> _Task to complete_
Taking only the lines of the data below from the line with "有机本草银耳免洗免煮焖泡即食口感软糯营养高山银耳羹 有机本草银耳80g*1罐" to the line with "Radius Unterputz-Brausegarnitur |", ends included, write them out exactly and without pictures.

Collected data:
══════════

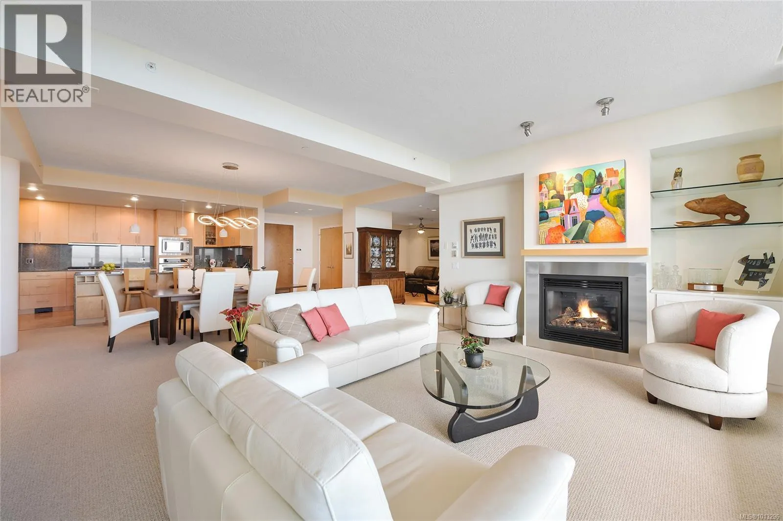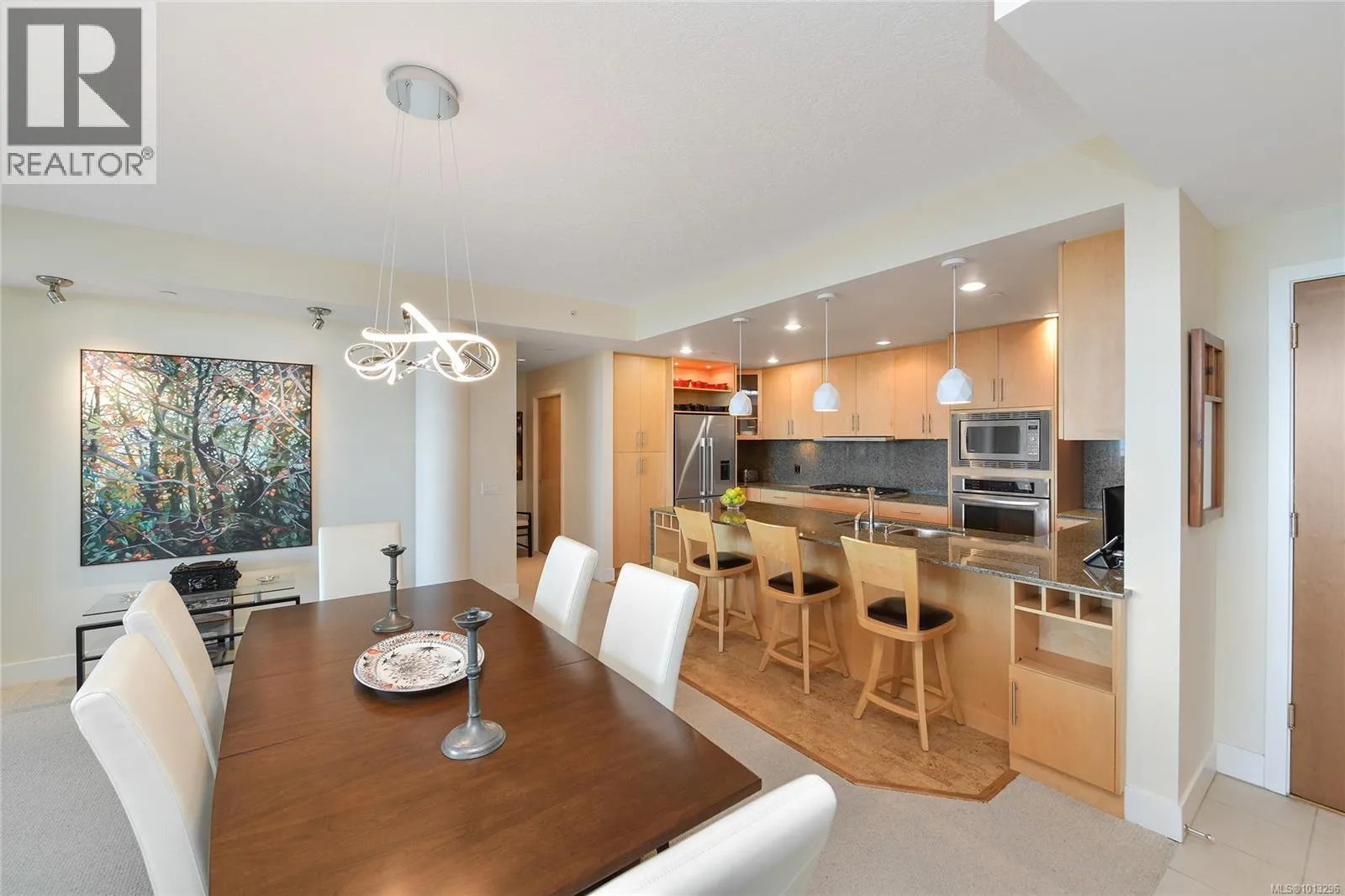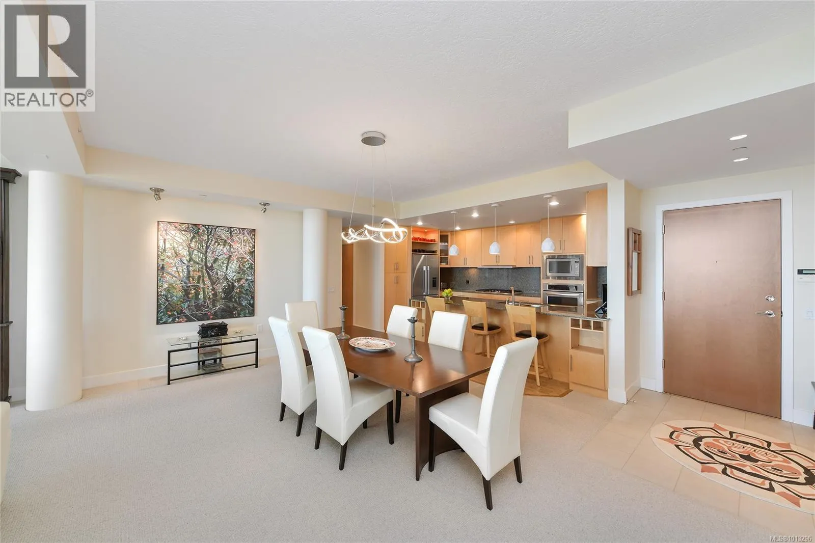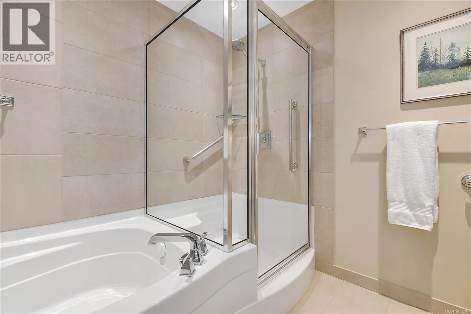 SAYWARD HILL offers Victoria's best VIEWS & LIFESTYLE, overlooking world-class golf at Cordova Bay, sandy beaches, walking/biking trails, shops at Mattick's Farm all nearby. This premiere, 2008 JAWL DEV. concrete/steel building is sought-after with its spectacular views, amazing layout, quality finishing and perfect positioning. An elegant home, meticulously maintained offering 2BD, 2BA, Media Room plus Home Office in 1,856sf, with designer inspired updates inc: paint, wool carpeting, lighting, motorized blinds, appliances, HWT and move-in ready! No compromising with the spacious kitchen, 11' granite island, gas cooktop, eating bar and gas BBQ outlet for alfresco dining on the covered balcony offering views of Mt. Baker, Hunt Valley, the islands and mountains beyond. Retreat in the luxurious primary bedroom with access to the balcony, inspiring views and elegant ensuite with soaker tub, separate shower, dual sinks and marble counter. Secure U/G parking with EV Charging & storage too! (id:27476)
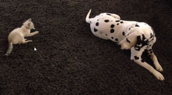 Terwijl Lady de dalmatiër rustig op het tapijt ligt, besluit de jonge kat Squirt in onderstaande video dat een hondenstaart toch wel erg interessant speelgoed is. Het kitten is duidelijk onder de indruk van de staart en dit levert leuke speelse beelden op tussen kat…
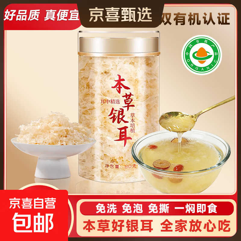 有机本草银耳免洗免煮焖泡即食口感软糯营养高山银耳羹 有机本草银耳80g*1罐
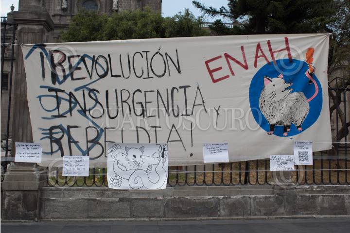 Mantas colocadas por los miembros de la ENAH para exigir un presupuesto anual garantizado
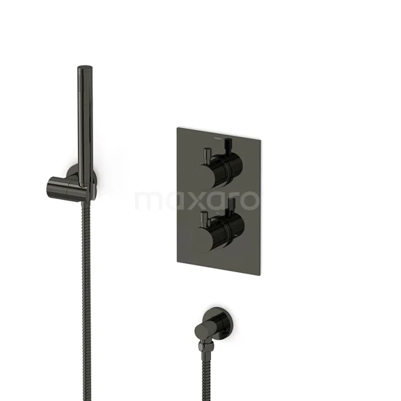 Radius Unterputz-Brausegarnitur | Schwarzchrom Thermostatarmatur mit Handbrause 1 Position
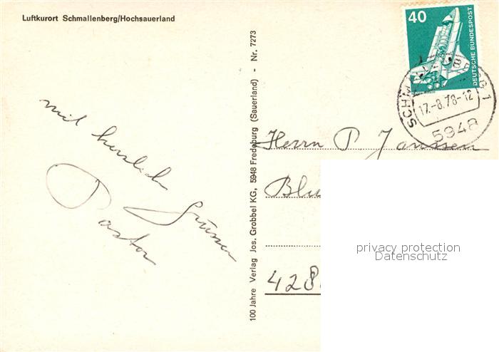 73158668 alte Postkarte Schmallenberg Fliegeraufnahme postalisch gelaufen Erhaltung siehe scans [WerneD78] KatCode: 11110005958040
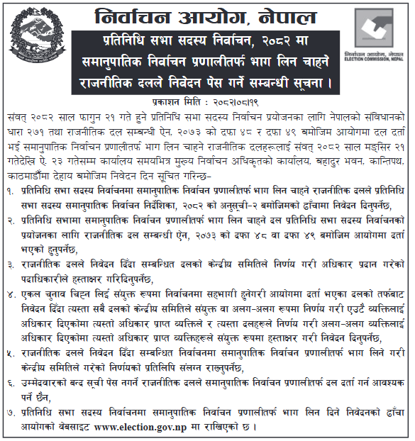 काठमाडौं । निर्वाचन आयोगले आसन्न प्रतिनिधि सभा सदस्य निर्वाचनका लागि समानुपातिक निर्वाचन प्रणालीतर्फको निर्वाचनमा भाग लिन चाहने राजनीतिक दलहरूलाई निवेदन दिन आह्वान गरेको छ।
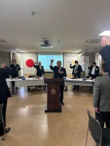 皆様方におかれましては、ご家族お揃いで爽やかな新年を迎えられお慶び申し上げます。本日の2025年初例会にメンバー皆様の元気なお顔を拝見し安心いたしました。昨夜は日向灘を震源とするマグニチュード6.9の地震が発生し、南海トラフ地震への懸念もございましたが、幸い巨大地震の可能性は高まっていないとのことでした。ですが昨年の8月に続きの発生という事なので、平時より備えが必要であろうかと思います。
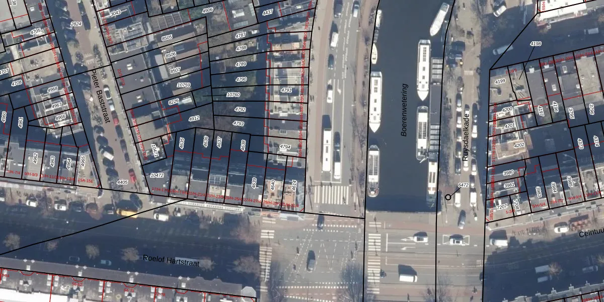 Het adres ligt op het perceel ASD17-U-4794, dat zich in de kadastrale gemeente Amsterdam bevindt. De gemiddelde perceelgrootte in Amsterdam is 394,52 m². Dit perceel is kleiner: de perceeloppervlakte bedraagt 112 m². De grootste perceeloppervlakte in de kadastrale gemeente is 22,9 ha. De kleinste oppervlakte bedraagt 0 m². Op het perceel zijn 6 adressen aanwezig. In de Basisregistratie Kadaster (BRK) werden de grenzen van het perceel geregistreerd op 25-01-2007.
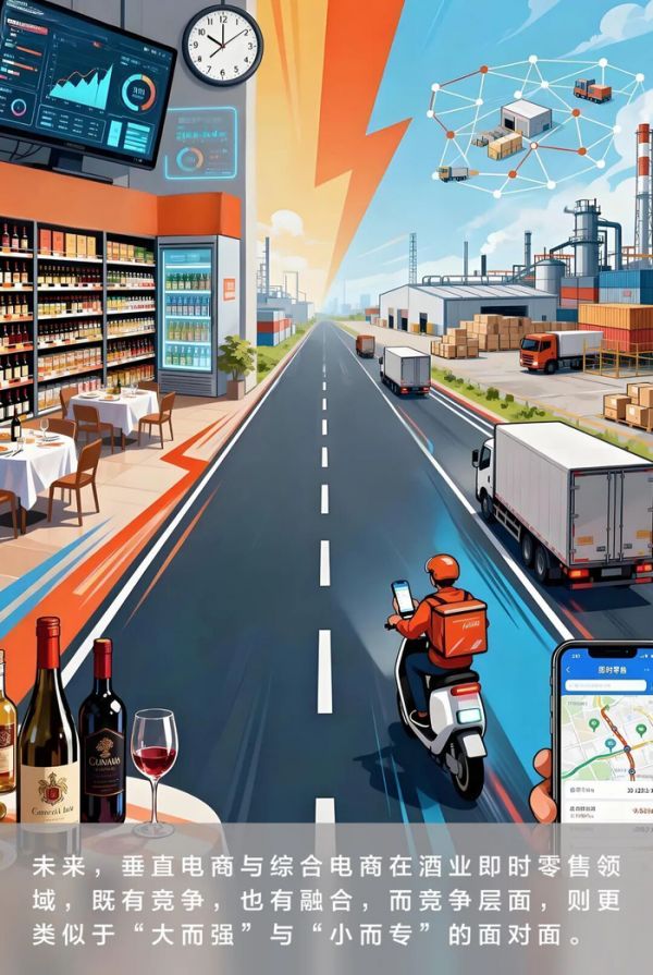 业内人士认为,未来,垂直电商与综合电商在酒业即时零售领域,既有竞争,也有融合;既有资源、流量的直接竞争,也有类似于小平台接入大平台的融合,而竞争层面,则更类似于“大而强”与“小而专”的面对面。
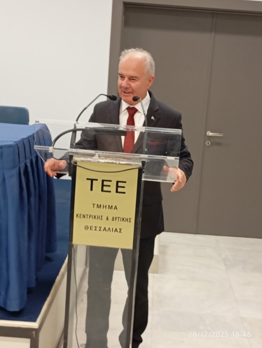 «Θέλω να σας ευχαριστήσω θερμά για την πρόσκληση και να συγχαρώ το Περιφερειακό Τμήμα Κεντρικής & Δυτικής Θεσσαλίας του ΤΕΕ για αυτή τη σημαντική εκδήλωση που τιμά τη γνώση και την προσπάθεια.
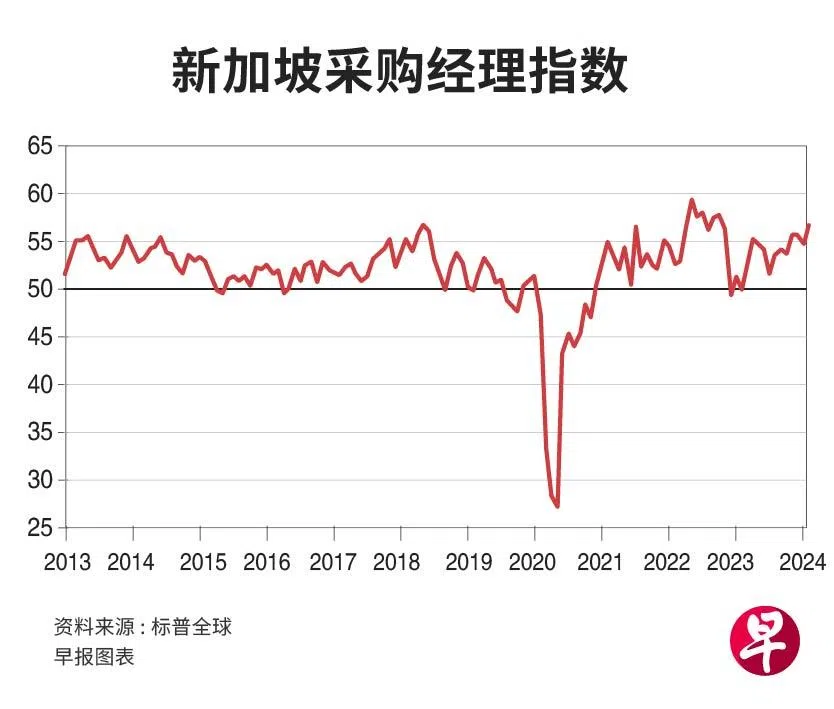 根据标普全球(S&P Global)星期二(3月5日)发布的最新调查报告,经季节性调整后的2月份新加坡采购经理指数(PMI)是56.8,也是本地私人领域的营商环境连续12个月改善,更是自2022年10月以来取得最快速增长的月份。 今年1月的指数是54.7。
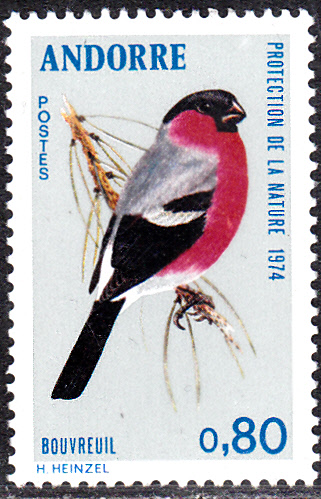 Diese Marke der französische Post in Andorra (MiNr 262) stellt uns einen weiteren Dompfaff (Pyrrhula pyrrhula) vor.
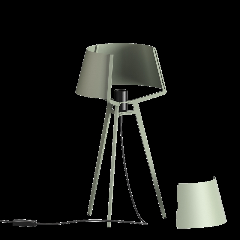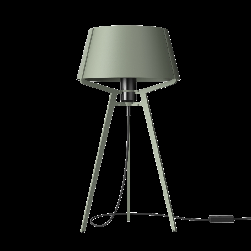 Bella er en bordlampe med et funktionelt design, hvor tre ben danner skulpturelle ribber, der fortsætter op mod den lukkede skærm. Lampen er lavet af pulverlakeret stål, hvilket giver styrke og holdbarhed. Den fluxgrønne og sorte farvekombination passer ind i moderne kontorer og hjem.
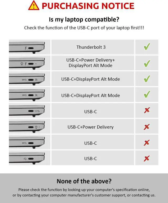 International Applicable USB C Hub: This tiny but mighty laptop?docking station can?be?widely?applied to current Type-C laptops / tablets / smartphones that support Display Alt mode and power delivery. For instance MacBook / MacBook Pro 2016 or later, MacBook Air 2018 or later, Google Chromebook Pixel, Huawei MateBook (Pro), Dell XPS / Latitude series, Surface Book2 / Go2 / Pro7 or later, HP Spectre 13, HP EliteBook 840 G5-G8. Huawei new series smart phones and Samsung Note 8/S9 or later, etc.
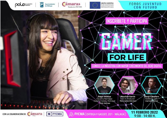 La fundación INCYDE de las Cámaras de Comercio españolas junto con el Ayuntamiento de Málaga, a través del Polo Nacional de Contenidos Digitales, y la Cámara de Comercio de Málaga, organizan en el Palacio de Ferias y Congresos de Málaga (FYCMA) el próximo 11 de febrero, el primero de 5 foros gratuitos orientados a dar a conocer las nuevas oportunidades profesionales para los jóvenes menores de 30 años, dentro del proyecto “Juventud con Futuro”, financiado por el FSE.
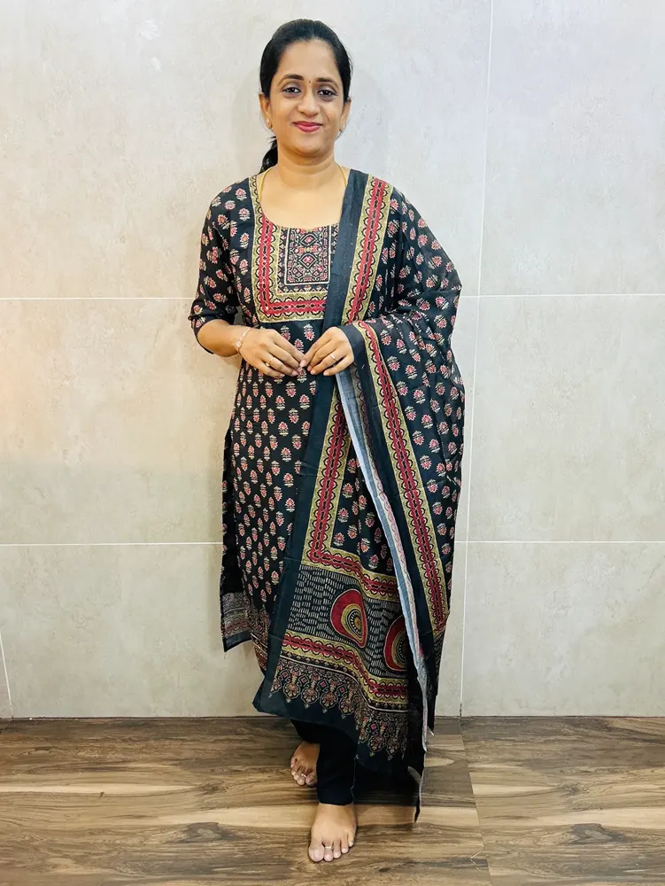 Handblock printed dola silk top(cotton lining) paired with printed soft chanderi silk dupatta and santoon bottom(free size)
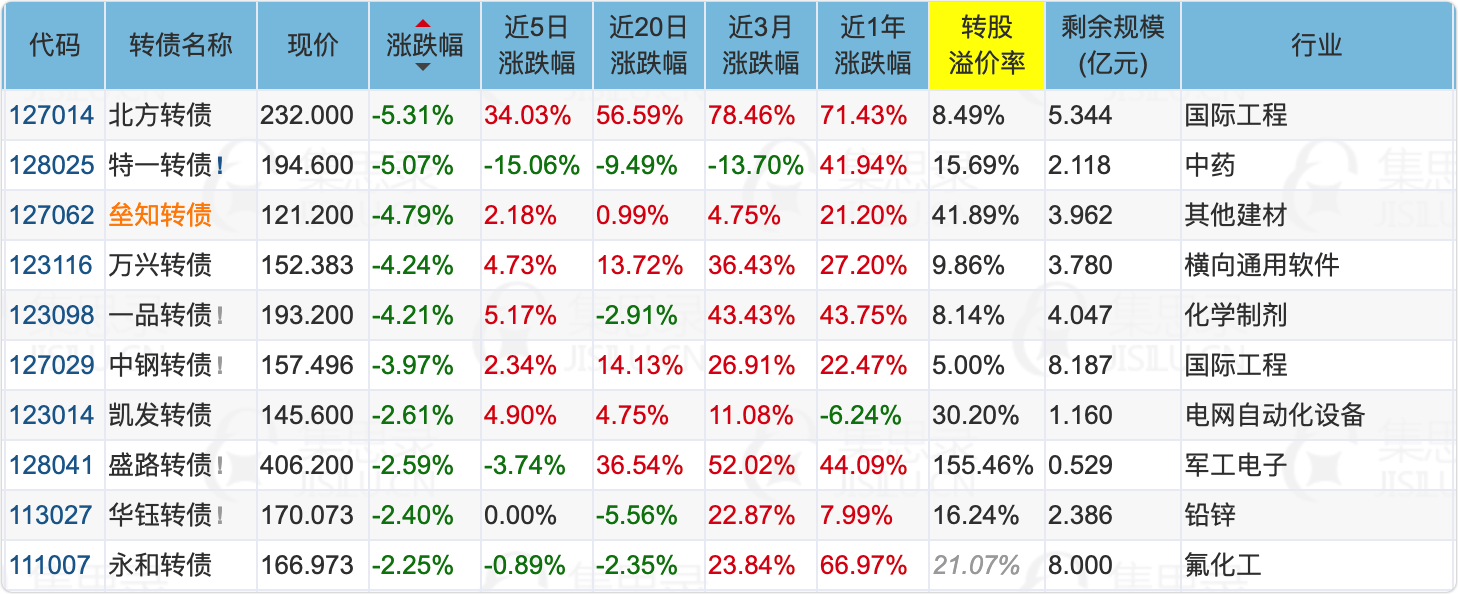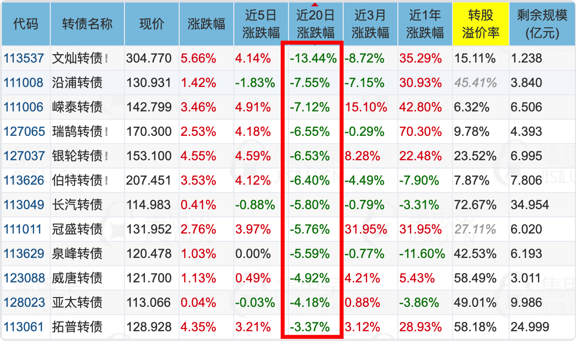 下面这些转债近20日跌幅较大,以及数据未统计出的远东转债,明新转债。
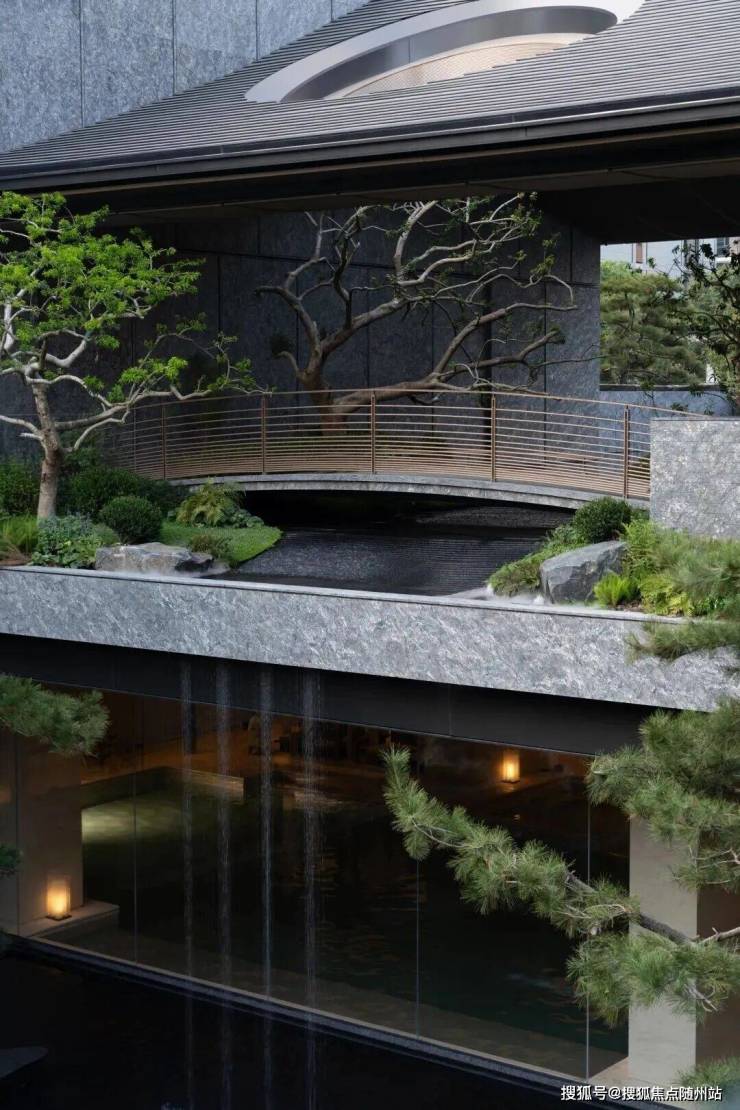 每一处都是宋韵风雅的穿越。比如“踏水归廊”,从宋代“曲水流觞” 的雅集中汲取灵感。比如约40米“和风游廊”,宋代标志性“黛色青瓦”定制了独特的美学标记,还有总高度达到了约10米的瀑布景墙!颇有大宋诗人祖无择笔下“绝巘千寻势,飞泉万叠痕”的气势......

══════════

> _Task answer_
 有机本草银耳免洗免煮焖泡即食口感软糯营养高山银耳羹 有机本草银耳80g*1罐
 Mantas colocadas por los miembros de la ENAH para exigir un presupuesto anual garantizado
 Radius Unterputz-Brausegarnitur | Schwarzchrom Thermostatarmatur mit Handbrause 1 Position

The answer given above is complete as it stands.